In Exercises 37–40, let T be the linear transformation whose standard matrix is given. In Exercises 37 and 38, decide if T is a one-to-one \({\mathbb{R}^{\bf{5}}}\)mapping. In Exercises 39 and 40, decide if T maps onto \({\mathbb{R}^{\bf{5}}}\). Justify your answers.

39. \(\left[ {\begin{array}{*{20}{c}}4&{ - 7}&3&7&5\\6&{ - 8}&5&{12}&{ - 8}\\{ - 7}&{10}&{ - 8}&{ - 9}&{14}\\3&{ - 5}&4&2&{ - 6}\\{ - 5}&6&{ - 6}&{ - 7}&3\end{array}} \right]\)

The transformation maps\({\mathbb{R}^n}\)onto\({\mathbb{R}^m}\)if at least one solution exists for\(T\left( {\bf{x}} \right) = {\bf{b}}\), and each vector b is in the codomain\({\mathbb{R}^m}\).

In the map \({\mathbb{R}^m} \to {\mathbb{R}^m}\), if the columns of the standard matrix span \({\mathbb{R}^m}\), there should be a pivot in every row.
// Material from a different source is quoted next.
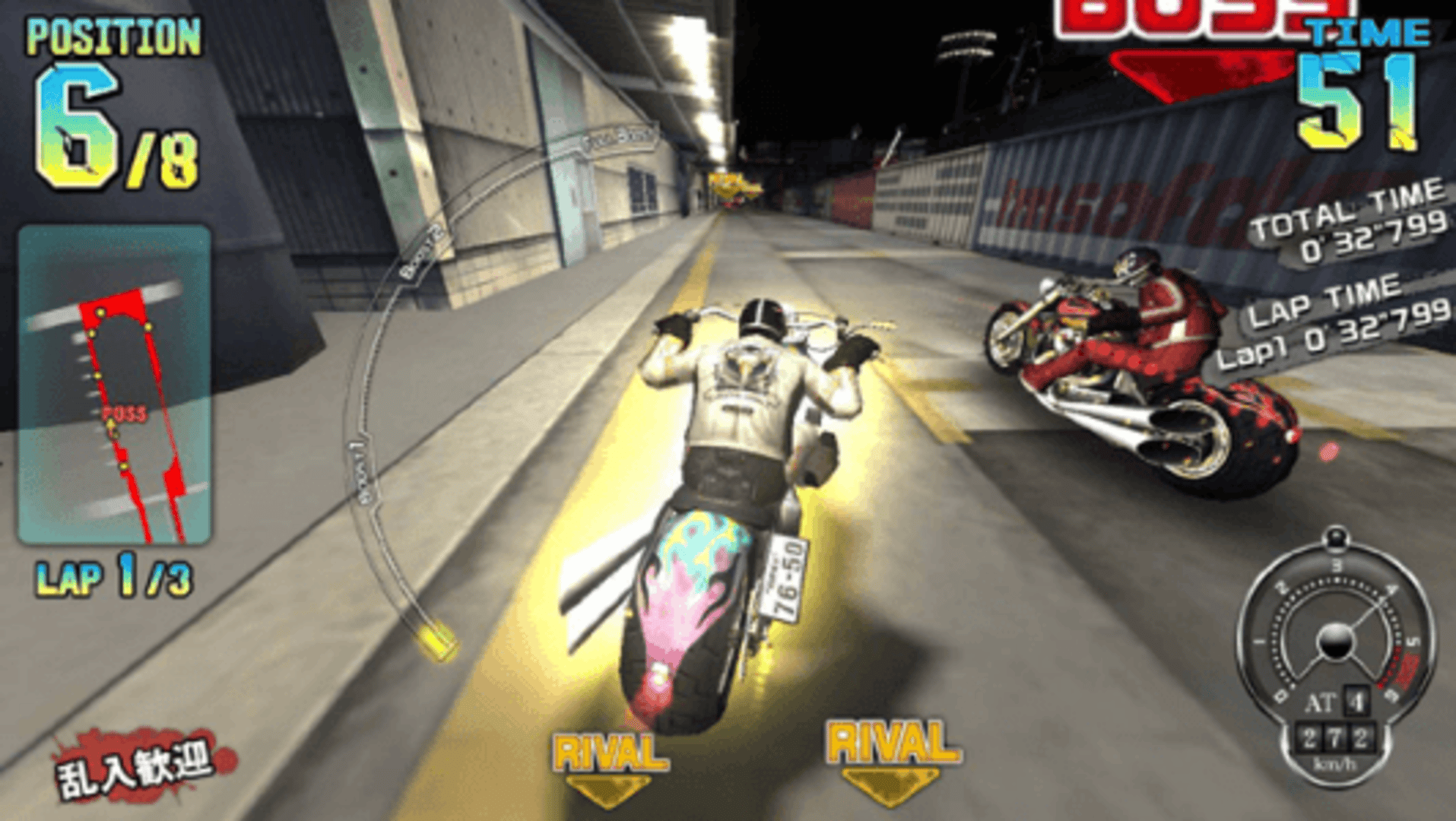 Hop on your choice of five bikes and race through crowded city streets in Bandai Namco’s Nirin! Five courses offer tons of compelling scenery and a range of difficulties. The gameplay is easy for first time users, but there is a definite advantage to the experienced rider who has mastered the boost feature. Bank hard through turns to build the boost meter, and then straighten the bike out to blast past your rivals! For even more speed, draft behind cars, trucks, and other motorcycles.
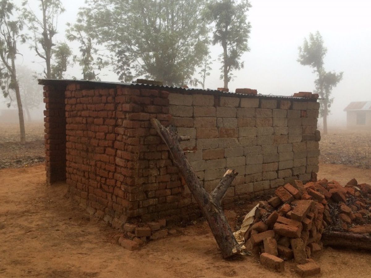 (Nutrition lesson with mamas at health clinic)The current latrine at the health clinic, with two stalls, is falling apart. Earlier this year a tree that fell during a storm ruined one wall of the latrine, which has temporarily been filled in with stacked cinder blocks. The latrine has no sink or handwashing station, and has dirt floors and no proper doors.

Consider the matrix\(A = \left[ {\begin{array}{*{20}{c}}4&{ - 7}&3&7&5\\6&{ - 8}&5&{12}&{ - 8}\\{ - 7}&{10}&{ - 8}&{ - 9}&{14}\\3&{ - 5}&4&2&{ - 6}\\{ - 5}&6&{ - 6}&{ - 7}&3\end{array}} \right]\).

Use the code in MATLAB to obtain the row-reduced echelon form, as shown below:

\(\begin{array}{l} > > {\rm{ A }} = {\rm{ }}\left[ \begin{array}{l}{\rm{4 }} - {\rm{7 3 7 5}};{\rm{ 6 }} - {\rm{8 5 12 }} - {\rm{8}};{\rm{ }} - {\rm{7 10 }} - {\rm{8 }} - {\rm{9 14}};\\{\rm{ 3 }} - 5{\rm{ 4 2 }} - {\rm{6; }} - {\rm{5 6 }} - {\rm{6 }} - {\rm{7 3}}\end{array} \right];\\ > > {\rm{ U}} = {\rm{rref}}\left( {\rm{A}} \right)\end{array}\)

\(\left[ {\begin{array}{*{20}{c}}4&{ - 7}&3&7&5\\6&{ - 8}&5&{12}&{ - 8}\\{ - 7}&{10}&{ - 8}&{ - 9}&{14}\\3&{ - 5}&4&2&{ - 6}\\{ - 5}&6&{ - 6}&{ - 7}&3\end{array}} \right] \sim \left[ {\begin{array}{*{20}{c}}1&0&0&5&0\\0&1&0&1&0\\0&0&1&{ - 2}&0\\0&0&0&0&1\\0&0&0&0&0\end{array}} \right]\)

In the obtained matrix, the fourth column does not have a pivot position. So, it does not span \({\mathbb{R}^5}\).

Thus, transformation T does not map \({\mathbb{R}^{\bf{5}}}\) onto \({\mathbb{R}^{\bf{5}}}\).